Vorrei solo ricordare l’amico Claudio come una delle persone al top di questo ambiente che mi sono state più care. L’altra era Carlo Talamo, altro genio della moto, scomparso 9 anni fa in un incidente in sella ad una delle sue Triumph. Due personaggi che tra l’altro a suo tempo furono in un certo qual modo legati: quando acquisì l’Aermacchi Harley-Davidson (che poi divenne Cagiva), Castiglioni di fatto diede a Talamo la facoltà di importare le Harley in Italia. E Talamo, per un breve periodo, fu anche importatore delle Husqvarna, fino a quando lo stesso Castiglioni ne acquisì il marchio.
Con questi due uomini mi trovavo proprio bene, perché erano persone semplici, molto alla mano, ed enormemente appassionate di moto. Due eterni ragazzi, insomma, un po’ come mi sento io ancora oggi, pur essendo di tre anni più “piccolo” di Claudio.

Era un piacere parlare con lui, ogni volta che andavo in Cagiva/MV magari a ritirare o a riportare una moto in prova. Quante volte mi è capitato di tornare in fabbrica dopo un semplice test di una giornata, o dopo una prova più approfondita, e, mentre parcheggiavo la moto in questione davanti alla palazzina degli uffici, inevitabilmente si apriva una finestra al piano superiore e mentre mi toglievo il casco sentivo una voce che mi gridava: “Maurizio, come va la moto? Vieni su, che ne parliamo!” Magari erano le 7 di sera, ma chissenefrega: a una chiacchierata col capo non si rinuncia! Anzi, una sera, verso le 20, mi portò a visitare le nuove linee di montaggio delle Husqvarna, a Cassinetta di Biandronno, dall’altra parte del lago di Varese: andavamo in giro per lo stabilimento deserto, e Claudio accendeva personalmente le luci dei vari reparti con l’entusiasmo di un bambino...

Ricordo perfettamente quando riportai a Schiranna una Cagiva Navigator 1000, che peraltro mi era piaciuta parecchio: Claudio comparve come sempre alla finestra e mi convocò nel suo ufficio, dove c’era anche Massimo Tamburini: gli brillavano gli occhi quando gli raccontai della moto, sottolineando che era comoda, però che avrei rialzato un pochino le pedane, mostrandogli gli stivaletti completamente consumati.

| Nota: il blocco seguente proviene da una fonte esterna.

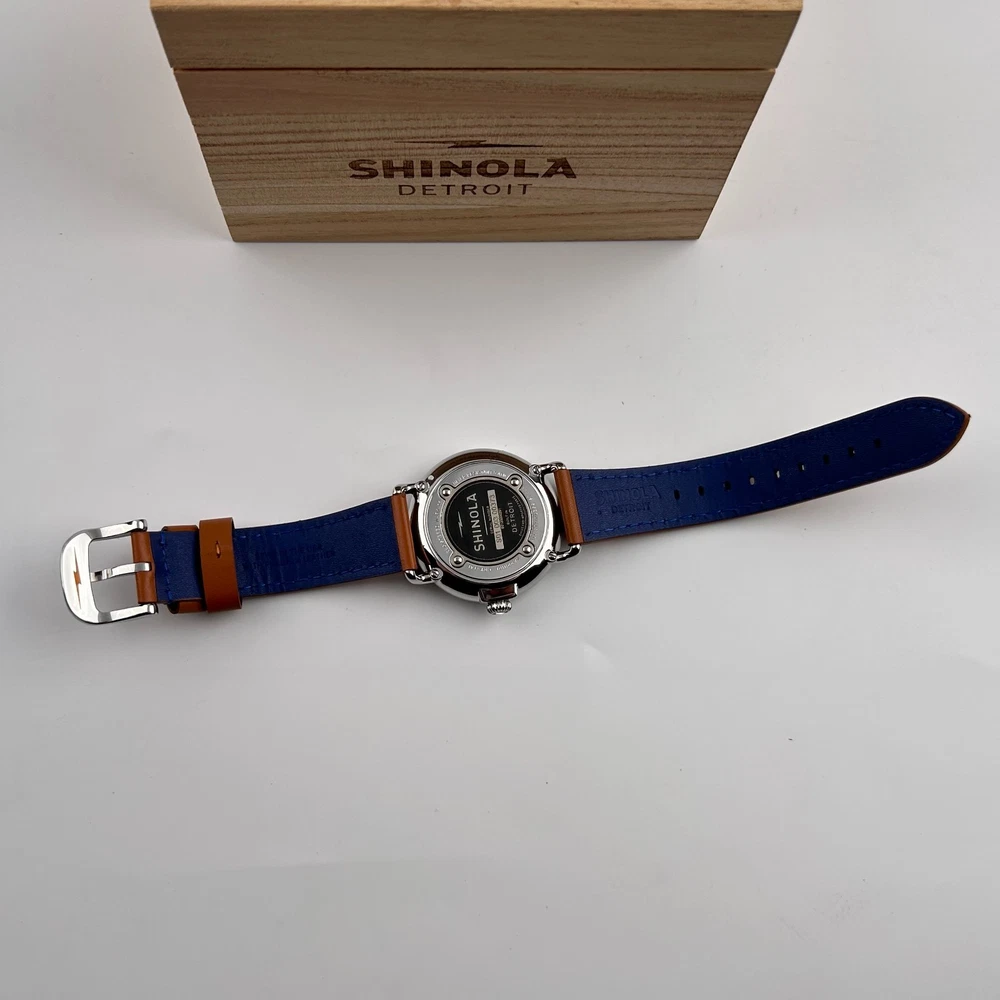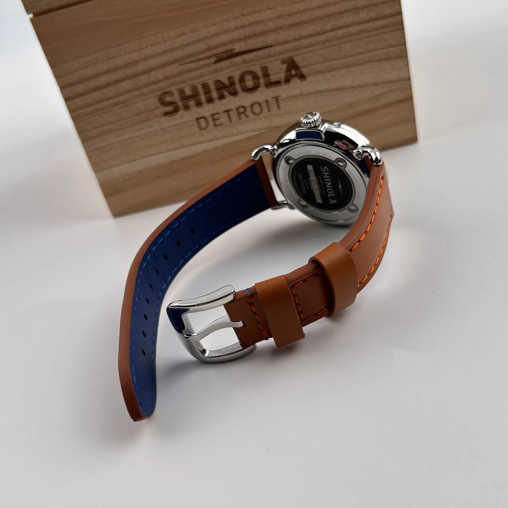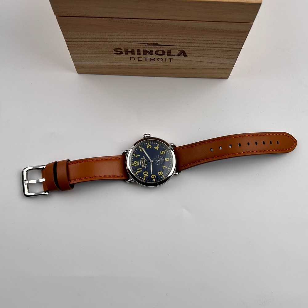 Watch details: Brand: Shinola Collection:Runwell Crystal: Double-domed sapphire Dial Color:Blue/Silver Type: Argonite 1069 Quartz Water Resistance: 5 ATM Crown Construction: Screw-down Case Material: Stainless Steel Case Diameter:47 mm Back:Signature Iconic Caseback Plate with Laser-Etched Serial Number Band Width: 24mm Band Color: Brown Thickness: 11mm Band Material:Leather Plating:Polished PVD Gold THE ARGONITE 1069 The first movement we learned to build and the one that still exudes an understated power. The high-accuracy quartz movement—hand-assembled in Detroit with Swiss and other imported parts—drives the hours, minutes and sub-second with precision. POLISHED STAINLESS STEEL CASE This polished stainless steel case features a classic pumpkin crown and double-domed sapphire crystal. Sapphire is second only to the diamond in hardness, helping protect the watch from scratches. COLLEGIATE BLUE DIAL The face of fandom, this eye-catching dial pairs collegiate blue with maize details for a look that’s tough to beat. PREMIUM LEATHER STRAP IN NATURAL Smooth and sophisticated, this premium leather strap in natural is the perfect complement to this Runwell. It's also removable, making the timepiece customizable with the purchase of an additional strap. Shinola leather straps are cut and sewn in America. A WOODEN BOX TO TREASURE Built from premium wood, every Shinola watch box is designed to last for generations. Fast shipping via usps, ups, fedex Orders will ship within 1-2 days (excluding weekends and holidays) Please contact me if you have any questions, and I will reply within 24 hours.
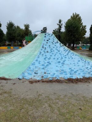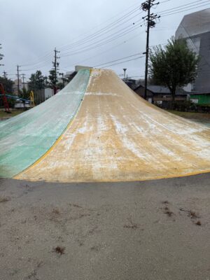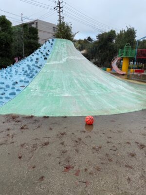 誰もいない公園にたたずむ。憧れの、富士山すべり台に上る。

Mi ricordo anche che chiesi a Tamburini se fosse piaciuta anche a lui, la Navigator. Ecco la risposta: “So che i miei ragazzi si sono divertiti molto anche a Misano, ma io su quelle “cose” col manubrio alto non ci salgo. La moto per me deve avere i mezzi manubri!”.
E quante volte Claudio Castiglioni mi ha confidato di avere in testa mille idee fantastiche, ma purtroppo bisogna esser capaci di identificare quelle giuste da realizzare. L’ultima di queste era la futura MV F3.

Durante l’ultima visita in MV, ovvero il giorno dell’intervista, Giovanni Castiglioni ci aveva un po’ rassicurato, anzi, ci aveva infuso speranza, riguardo alle condizioni di salute di suo padre.
Oggi, dopo nemmeno tre mesi, mi ritrovo invece qui, assieme a tantissimi altri amici, a piangere la scomparsa di un vulcanico ragazzo di 63 anni, che oltre alla sua amicizia mi ha regalato tantissime emozioni: e cito per tutte la Ducati 916. Una persona alla quale il mondo del Motociclismo dovrebbe erigere un monumento.